## Aim of the task
An exact reproduction of the records is required, with all images left out.

## Extracted entries
___

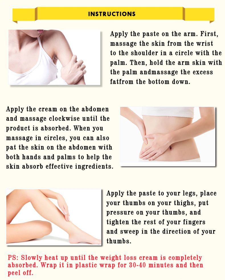 طريقة الاستعمال:تطبيق كمية مناسبة من كريم التخسيس إلى المنطقة ليتم تدليك. يسخن ببطء حتى يتم امتصاص كريم فقدان الوزن تماما. التفاف في التفاف البلاستيك لمدة 30-40 دقيقة ثم تقشر.
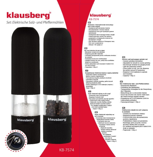 Zestaw 2 młynków elektrycznych do soli pieprzu led KLAUSBERG KB-7574
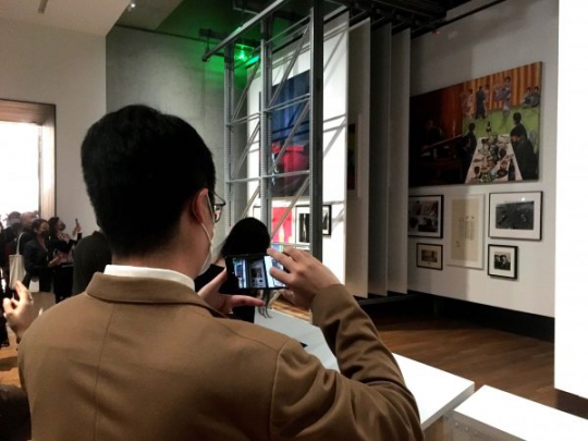 เมื่อก้าวลงจากบันไดเลื่อนไปยังชั้น 2 ของพิพิธภัณฑ์ คุณจะพบ “กำแพง” ที่ไม่เคยหยุดนิ่ง โครงสร้างแผงเลื่อนสี่สิบบานที่มีชื่อเรียบง่ายว่า The Cabinet นี้ ทำหน้าที่เป็นทั้งแกลเลอรีและคลังเก็บ ทุก 2 ชั่วโมง แผงจะเลื่อนตามรางบนเพดาน พลิกสลับผลงานจิตรกรรม ภาพถ่าย และโปสเตอร์ราว 200 ชิ้น จากคลังวัฒนธรรมเชิงภาพของพิพิธภัณฑ์ให้ปรากฏสู่สาธารณะ งานเหล่านี้ไม่มีป้ายคำอธิบายตามแบบเดิม หากแต่มีจอสัมผัสกลางห้องคอยตั้งคำถาม เช่น “ภาพเหล่านี้เชื่อมโยงกันอย่างไร?” เชิญชวนให้ผู้ชม “ดู” ก่อน “อ่าน”
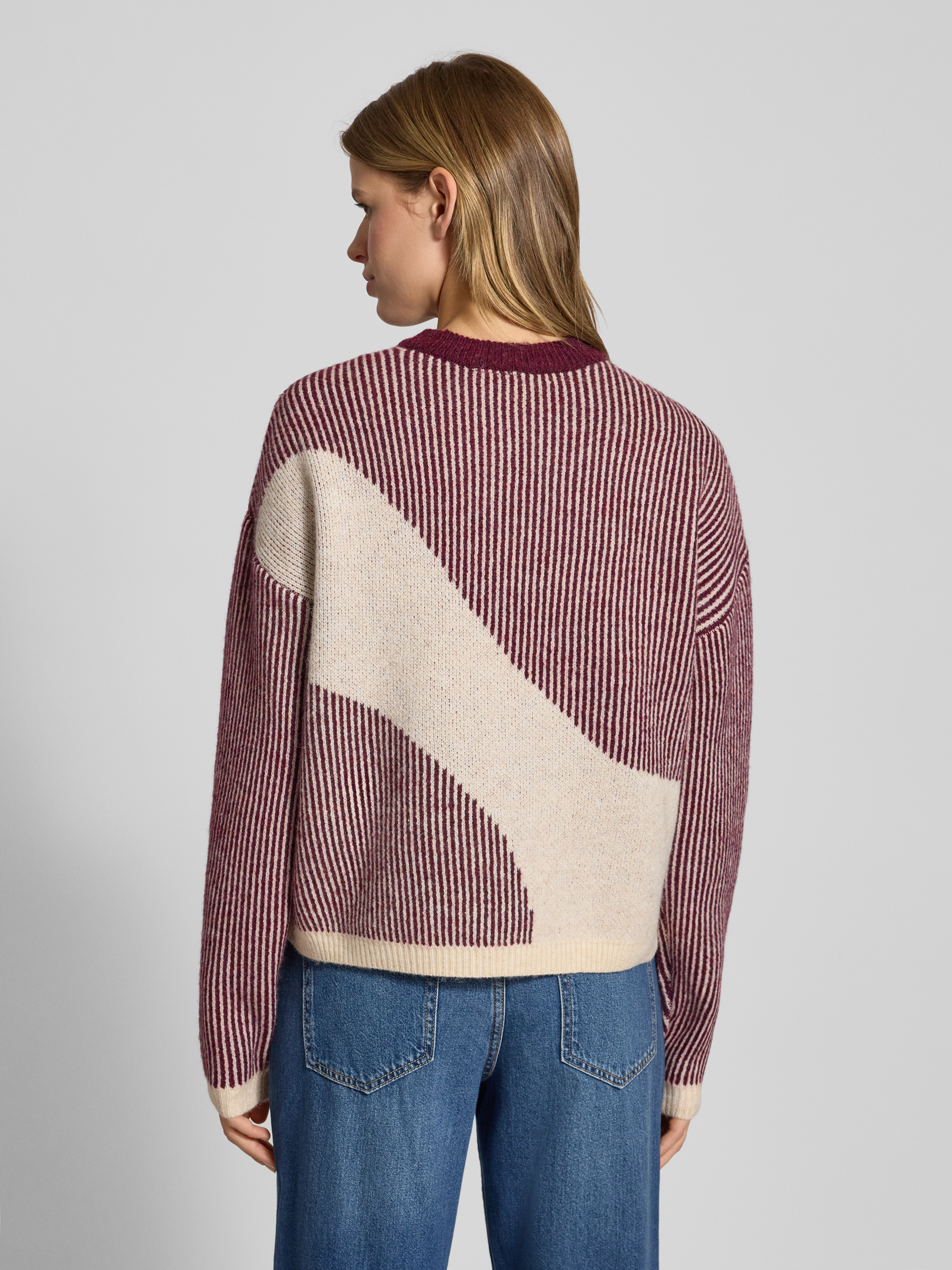 Loose fit gebreide pullover met all-over motief, model 'LINNA' in donkerrood gemêleerd
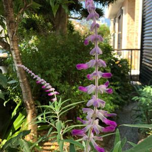 お庭ではアメジストセージのお花が咲き始めました🌸 大きな鉢に植えてあるので、あちこち別々の方向に咲いてます😄
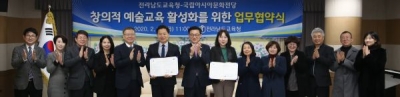 두 기관은 전남의 학교 예술교육 내실화를 위해 역량 있는 기관과 네트워크를 구축해 초·중·고등학생의 문화·예술체험 활동을 활성화하고 교육 프로그램을 통한 교원 예술교육 역량강화, 지역사회 문화 예술 증진해 협력해 나간다는 방침이다.
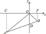 分析 首先过点A作AC⊥x轴于C,过点B作BF⊥x轴于F,易得∠OAC=∠AOD=α,又由∠AOB=90°,易得∠BOF=∠AOD=α,即可得在Rt△AOC中,sinα=$\frac{OC}{OA}$,在Rt△BOF中,cosα=$\frac{OF}{OB}$,又由S△AOB求得OA•OB的值,继而求得答案.
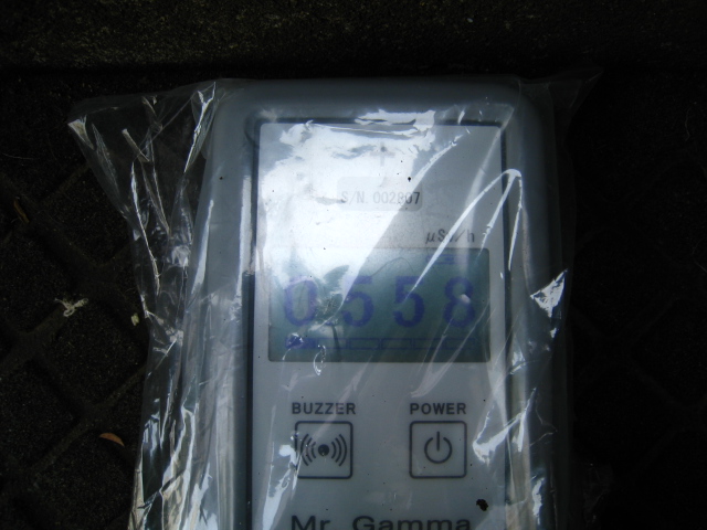 0.558マイクロシーベルト…。階段の下はコンクリートが削れてしまっていて穴があいています。水勾配も悪く雨水がたまりがちです。そのためにマットを敷いていますが、そこだけが高い値となってしまいました。

___

## Response below
 طريقة الاستعمال:تطبيق كمية مناسبة من كريم التخسيس إلى المنطقة ليتم تدليك. يسخن ببطء حتى يتم امتصاص كريم فقدان الوزن تماما. التفاف في التفاف البلاستيك لمدة 30-40 دقيقة ثم تقشر.
 Zestaw 2 młynków elektrycznych do soli pieprzu led KLAUSBERG KB-7574
 เมื่อก้าวลงจากบันไดเลื่อนไปยังชั้น 2 ของพิพิธภัณฑ์ คุณจะพบ “กำแพง” ที่ไม่เคยหยุดนิ่ง โครงสร้างแผงเลื่อนสี่สิบบานที่มีชื่อเรียบง่ายว่า The Cabinet นี้ ทำหน้าที่เป็นทั้งแกลเลอรีและคลังเก็บ ทุก 2 ชั่วโมง แผงจะเลื่อนตามรางบนเพดาน พลิกสลับผลงานจิตรกรรม ภาพถ่าย และโปสเตอร์ราว 200 ชิ้น จากคลังวัฒนธรรมเชิงภาพของพิพิธภัณฑ์ให้ปรากฏสู่สาธารณะ งานเหล่านี้ไม่มีป้ายคำอธิบายตามแบบเดิม หากแต่มีจอสัมผัสกลางห้องคอยตั้งคำถาม เช่น “ภาพเหล่านี้เชื่อมโยงกันอย่างไร?” เชิญชวนให้ผู้ชม “ดู” ก่อน “อ่าน”
 Loose fit gebreide pullover met all-over motief, model 'LINNA' in donkerrood gemêleerd
 お庭ではアメジストセージのお花が咲き始めました🌸 大きな鉢に植えてあるので、あちこち別々の方向に咲いてます😄
 두 기관은 전남의 학교 예술교육 내실화를 위해 역량 있는 기관과 네트워크를 구축해 초·중·고등학생의 문화·예술체험 활동을 활성화하고 교육 프로그램을 통한 교원 예술교육 역량강화, 지역사회 문화 예술 증진해 협력해 나간다는 방침이다.
 分析 首先过点A作AC⊥x轴于C,过点B作BF⊥x轴于F,易得∠OAC=∠AOD=α,又由∠AOB=90°,易得∠BOF=∠AOD=α,即可得在Rt△AOC中,sinα=$\frac{OC}{OA}$,在Rt△BOF中,cosα=$\frac{OF}{OB}$,又由S△AOB求得OA•OB的值,继而求得答案.
 0.558マイクロシーベルト…。階段の下はコンクリートが削れてしまっていて穴があいています。水勾配も悪く雨水がたまりがちです。そのためにマットを敷いていますが、そこだけが高い値となってしまいました。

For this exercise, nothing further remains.